Exercise directions — Set the whole listing down again, word for word, with no pictures.

Dataset content —
++++++

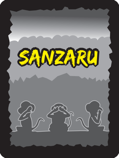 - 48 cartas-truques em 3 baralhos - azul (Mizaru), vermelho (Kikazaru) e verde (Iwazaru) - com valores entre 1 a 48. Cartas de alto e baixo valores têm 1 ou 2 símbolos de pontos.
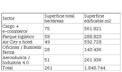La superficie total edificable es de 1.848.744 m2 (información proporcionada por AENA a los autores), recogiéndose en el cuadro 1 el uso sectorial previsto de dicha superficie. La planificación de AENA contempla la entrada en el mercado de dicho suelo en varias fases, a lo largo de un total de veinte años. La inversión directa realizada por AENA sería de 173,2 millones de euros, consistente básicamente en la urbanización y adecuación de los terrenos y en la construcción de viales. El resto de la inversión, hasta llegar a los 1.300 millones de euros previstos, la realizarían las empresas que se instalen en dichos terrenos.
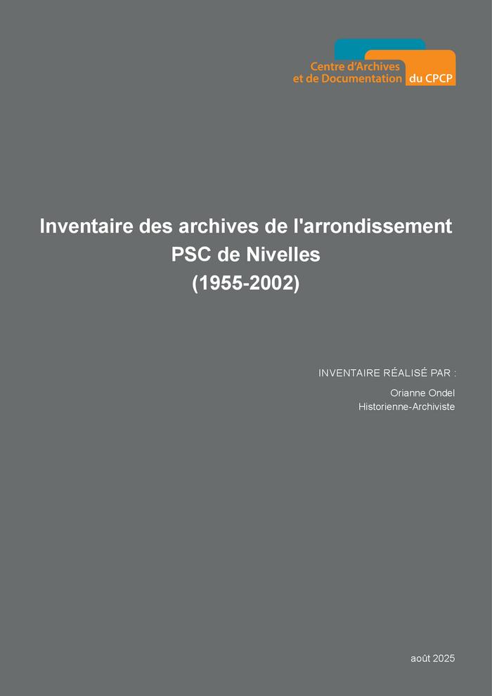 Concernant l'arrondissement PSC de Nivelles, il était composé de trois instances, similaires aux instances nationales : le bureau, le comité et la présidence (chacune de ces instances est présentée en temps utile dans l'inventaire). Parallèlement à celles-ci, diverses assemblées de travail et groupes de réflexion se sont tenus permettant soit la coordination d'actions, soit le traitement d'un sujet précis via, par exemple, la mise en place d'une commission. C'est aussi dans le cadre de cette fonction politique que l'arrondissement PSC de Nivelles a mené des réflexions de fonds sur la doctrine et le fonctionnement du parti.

++++++

Solution —
 - 48 cartas-truques em 3 baralhos - azul (Mizaru), vermelho (Kikazaru) e verde (Iwazaru) - com valores entre 1 a 48. Cartas de alto e baixo valores têm 1 ou 2 símbolos de pontos.
La superficie total edificable es de 1.848.744 m2 (información proporcionada por AENA a los autores), recogiéndose en el cuadro 1 el uso sectorial previsto de dicha superficie. La planificación de AENA contempla la entrada en el mercado de dicho suelo en varias fases, a lo largo de un total de veinte años. La inversión directa realizada por AENA sería de 173,2 millones de euros, consistente básicamente en la urbanización y adecuación de los terrenos y en la construcción de viales. El resto de la inversión, hasta llegar a los 1.300 millones de euros previstos, la realizarían las empresas que se instalen en dichos terrenos.
 Concernant l'arrondissement PSC de Nivelles, il était composé de trois instances, similaires aux instances nationales : le bureau, le comité et la présidence (chacune de ces instances est présentée en temps utile dans l'inventaire). Parallèlement à celles-ci, diverses assemblées de travail et groupes de réflexion se sont tenus permettant soit la coordination d'actions, soit le traitement d'un sujet précis via, par exemple, la mise en place d'une commission. C'est aussi dans le cadre de cette fonction politique que l'arrondissement PSC de Nivelles a mené des réflexions de fonds sur la doctrine et le fonctionnement du parti.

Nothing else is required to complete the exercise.